Francisco José de Goya y Lucientes (born March 30, 1746 in Fuendetodos, died April 16, 1828 in Bordeaux) - Spanish painter, graphic artist and draftsman of the Romantic period, court painter of Charles III Bourbon, Charles IV Bourbon and Ferdinand VII Bourbon, portraitist and painter genre scenes. Considered one of the most outstanding and original artists at the turn of the 18th and 19th centuries.
Goya's artistic career stretches roughly between 1771, when he painted his first fresco in the Basilica del Pilar in Zaragoza, and 1827, when one of his last works was created, The Milkmaid of Bordeaux. During more than half a century of his professional work, about 700 paintings, 280 prints and about a thousand drawings were created.
Working on his own unique style, Goya has evolved from the baroque and rococo, which permeate his first frescoes and tapestry designs, through neoclassical academism, to pre-romanticism and pre-impressionism visible in his last paintings and prints. The result of liberation from classical principles and the culmination of artistic expression is a series of black paintings. The subject matter he touches upon is very broad, including: portraits, genre scenes (hunting, folk scenes, vices of society, violence, witches and witchcraft), historical and religious paintings and still life.
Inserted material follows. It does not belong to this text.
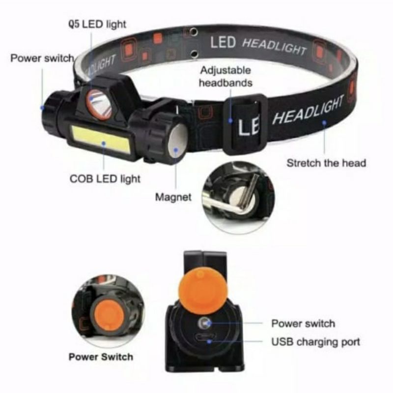 Senter Kepala Led Cree dan Lampu COB. Super Terang. Sistem Cas. Lampu COB Bisa dijadikan lampu penerangan / Emergency. Terdapat Magnit pada Body Senter. dilengkapi Kabel Colok Micro USB. Tali Strap yang Berkualitas. Tombol ON/OFF disamping dan di Buka Penutupnya untuk pengecasan. Cocok untuk Bersepeda, Memancing, Camping, Hiking, Berlayar. dll

With regard to the number of works and their quality, the collection preserved in the Prado Museum in Madrid is particularly important. The artist is also widely represented in various museums around the world, especially through his portraits. His works can be seen at the National Gallery in London, the Metropolitan Museum of Art in New York, the Uffizi Gallery in Florence, the Old Pinakothek in Munich and many others.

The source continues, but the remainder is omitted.